IanB · 9th May 2013, 02:21

Quote:

Originally Posted by jordanh

I hope this is not too intrusive, but i already lose about 1/3 speed by just pulling frames through avisynth, with an "empty script", it would be a huge bottleneck to do IPC or Filebased feeding of avisynth.
I dont think that this special kind of API usage needs to have special support, but i really wished i could switch avisynth to push mode... this should open avisynth for all kinds of live sources, shouldnt it?

Yes you always seem to get stuck with an input frame blit and another output frame blit as you cross API boundaries.

I take it this is costing you some speed. Have you identified any other bottlenecks?

Worker thread piping can help sometimes when bridging push and pull models. e.g. at the bottom a thread keeps draining the input stream into a fair number of buffers, it stop when all the buffers are full. At the top another thread keeps pulling frames from Avisynth and pushing them into the output stream, it stops when the output stream is full or all the input buffers in the source are empty.

jordanh · 11th May 2013, 18:49

IanB, sorry but i really struggle following if you are talking of AVISynth MT or classic.
The CACHE_GETCHILD_THREAD_MODE and similar, i have never seen them in the avisynth docs... is that a new thing you just implement? ...Sure thats interesting!
Thanks for all the explainations, everyone.

Quote:

Originally Posted by IanB

I take it this is costing you some speed. Have you identified any other bottlenecks?

At the moment not. I need to dig a little deeper into this.
By now i am measuring this way (including example values):
1) take the time that carbon needs without any filter: 1 minute
2) do the same using a special "empty" filter: 1 minute
3) take the time that carbon needs with the avisynth plugin filter, but disable all avisynth processing (copy the frames only): 1 min. 3 sec
4) take the time of carbon and avisynth in action, but with a special avs script that basically only loads the source and does not filtering: 1 min 20 sec

By the way, basically the framebuffer that holds the incoming pictures can be configured to hold only one frame, that brings the whole chain back to where it comes from: deliver one sample then fetch one sample.... Thats how most filters work in carbon.

Quote:

Originally Posted by IanB

Worker thread piping can help sometimes when bridging push and pull models. e.g. at the bottom a thread keeps draining the input stream into a fair number of buffers, it stop when all the buffers are full. At the top another thread keeps pulling frames from Avisynth and pushing them into the output stream, it stops when the output stream is full or all the input buffers in the source are empty.

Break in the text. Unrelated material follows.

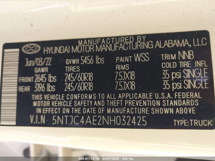 Color WhiteCylinders 4Drive Front wheel driveVIN 5NTJC4AE2NH******State Run & Drive VerifiedDamage Front rightAuction date 2025-03-24 AutoRIA

I think in my special case it doesnt help to thread incoming and outgoing. As i mentioned before, the routine for frame gathering and the one for sending the processed frame to the upstream can only run seperately. it is not possible that both can run at the same time. Imagine it like the carbon engine was single threaded (AFAIK internally its not, but it looks like).
To implement what you mention would also mean the need to synchronize the carbon frame delivery.

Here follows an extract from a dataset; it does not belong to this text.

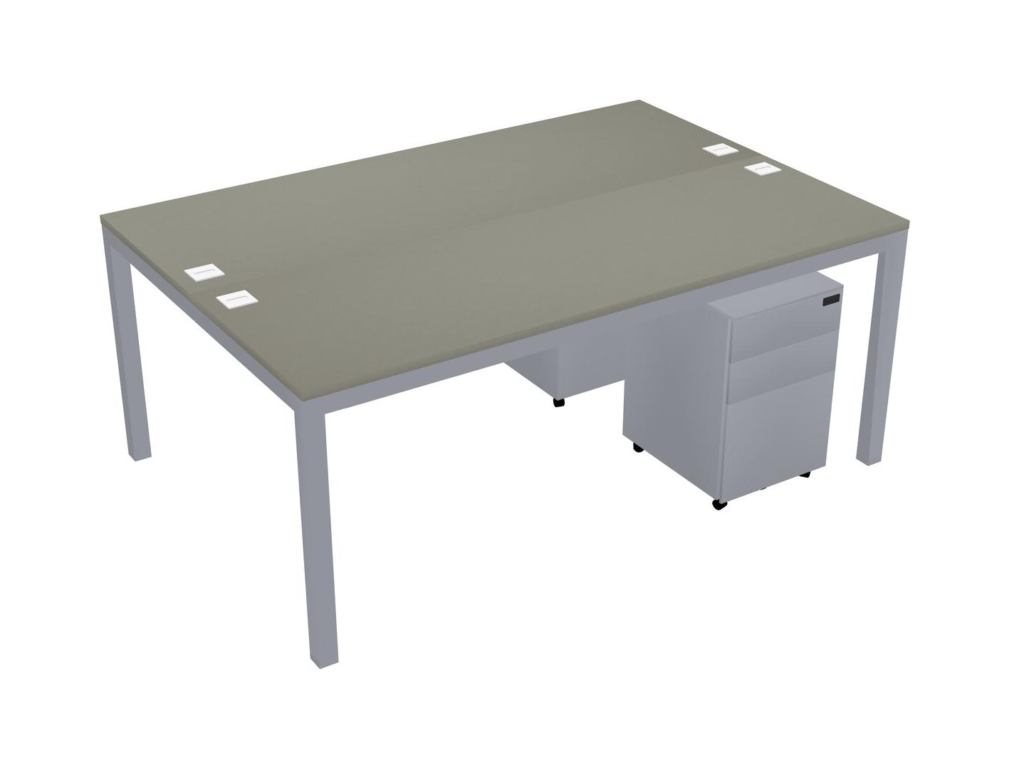 Grey Shadows Shared Rectangular Office Desk With Metal Mobile Drawers For 2 Persons

I think the better and more easy way will be to just have multiple env's at the cost of memory. I hope to have more or less linear speed improvement when doing this:

1) create 4 similar avisynth environments, each having its own instance of my avisynth CarbonSource() plugin in the avs script
2) set the read buffer of the 4 instances of CarbonSource() to a single buffer (the one and only buffer)
3) Buffer about 10 input frames, stop buffering
4) create 4 threads that let the 4 environments process each 1 frame (actually at this spot, we measure in time units e.g. 40ms, not in frames, because of possible frame rate change)
5) buffer next 4 frames...

The problem is that i need to harden the functionality before i go to threading...

Harry

IanB · 12th May 2013, 02:00

Quote:

Originally Posted by jordanh

IanB, sorry but i really struggle following if you are talking of AVISynth MT or classic.
The CACHE_GETCHILD_THREAD_MODE and similar, I have never seen them in the Avisynth docs... is that a new thing you just implement?

Yes this is all new and reserved for a future version, they are just place holder so we will not need to change the API again when they are implemented. As I said the Cache currently does make all the queries, it validates the answers, but does not act on the responses. About 95% of the "MT" code is in the "classic" code base, the missing 5% is Distributor(), the 5 mode cache code and the [GS]etMTMode() verbs.

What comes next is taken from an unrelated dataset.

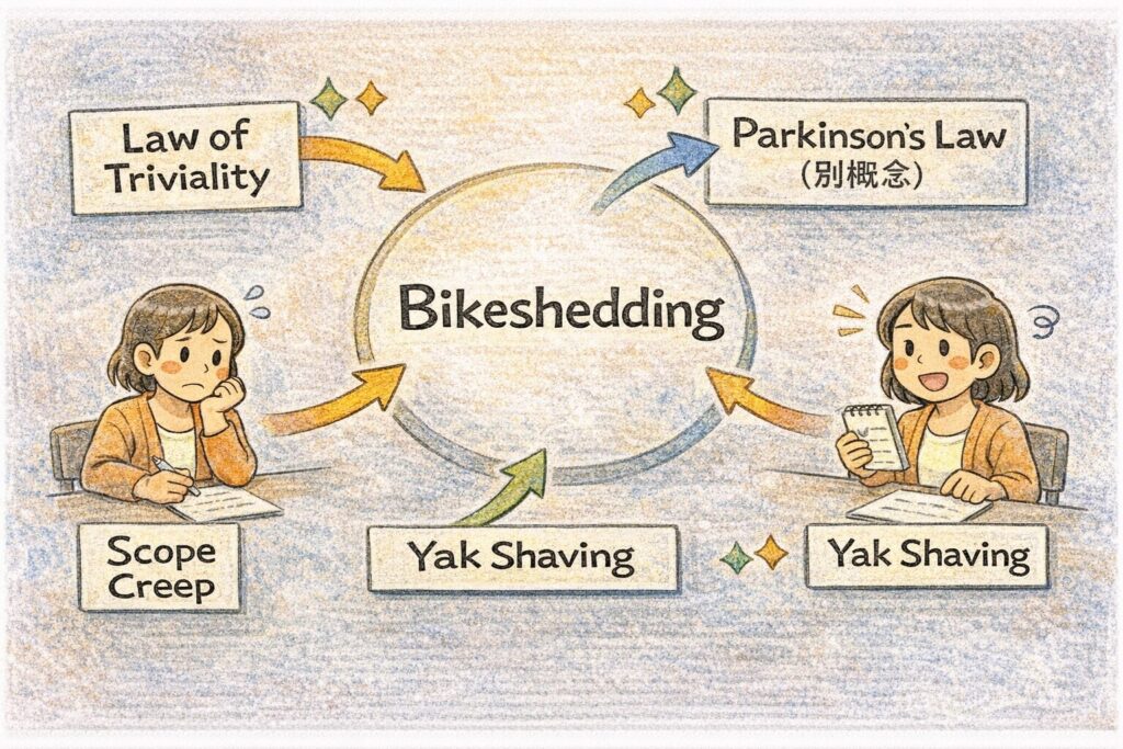 補足:「バイクシェディング」は日本語化された言い方、「bikeshedding」は英語の原語です。英語では Law of Triviality(ロー・オブ・トリビアリティ/凡俗法則) と呼ばれます。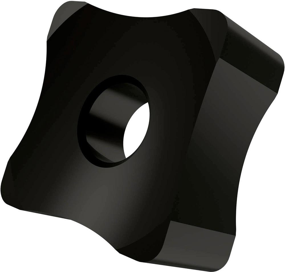 Doppelseitige Scarfing Wendeschneidplatte · quadratisch mit einer Hauptschneidenlänge von 25.4mm · 12mm dick und einen Arbeitsradius von 30mm für Rohrdurchmesser von 35 bis 44mm · T9335 MT-CVD beschichtetes funktionelles WC-Co Hartmetall innerhalb des ISO-Substratsbereichs P20-P45/M15-M40 und S15-S25 zum entgraten von Stahl · Edelstahl und Superlegierungen Rohren und Röhren

The CACHE_GETCHILD_* model will be that user filters optionally implement the IClip::SetCacheHints method. The parent cache at start up makes the queries. If the filter has an opinion on the query it responds appropriately. The parent cache reconfigures itself to accommodate the opinion.

Quote:

At the moment not. I need to dig a little deeper into this.
By now i am measuring this way (including example values):
1) take the time that carbon needs without any filter: 1 minute
2) do the same using a special "empty" filter: 1 minute
3) take the time that carbon needs with the avisynth plugin filter, but disable all avisynth processing (copy the frames only): 1 min. 3 sec
4) take the time of carbon and avisynth in action, but with a special avs script that basically only loads the source and does not filtering: 1 min 20 sec

I take it in 2. the filter effectively just returns the pointer to input buffer as it's output, much like a zero cost Avisynth filter would. So cost nothing.

In 3. I assume the filter malloc's (whatever) a new output buffer and just blits the input buffer contents into it, much like an Avisynth Crop(..., Align=True) will do with an unaligned left value. So costs 3 seconds.

In 4. I assume the script is a simple "Return CarbonSource(...)" and you lose an extra 17 seconds somewhere currently unknown.

Quote:

I think the better and more easy way will be to just have multiple env's at the cost of memory. I hope to have more or less linear speed improvement when doing this:

1) create 4 similar avisynth environments, each having its own instance of my avisynth CarbonSource() plugin in the avs script
2) set the read buffer of the 4 instances of CarbonSource() to a single buffer (the one and only buffer)
3) Buffer about 10 input frames, stop buffering
4) create 4 threads that let the 4 environments process each 1 frame (actually at this spot, we measure in time units e.g. 40ms, not in frames, because of possible frame rate change)
5) buffer next 4 frames...

This appear like you want manually implement a SetMTMode(2, 4). With mode 2, each "spread" of a filter share a common cache. If you have temporal filters that process say 3 input frames, prev, curr & next into an output frame the mode 2 cache only calls for each frame once. If the chains are fully divorced then no commonality is possible.

jordanh · 12th May 2013, 10:54

Thanks, you help me a lot while putting the puzzle together :-)
Basically i think that i got what you want to tell me, except one: The SetMTMode() stuff is dedicated to AVISynth MT, isnt it? ...i definitely have to give that a try before implementing by own threading.
On the other hand the outcome of this whole discussion is, that i need to do a lot of benchmarking to find the right spot for threading.

Quote:

If the chains are fully divorced then no commonality is possible.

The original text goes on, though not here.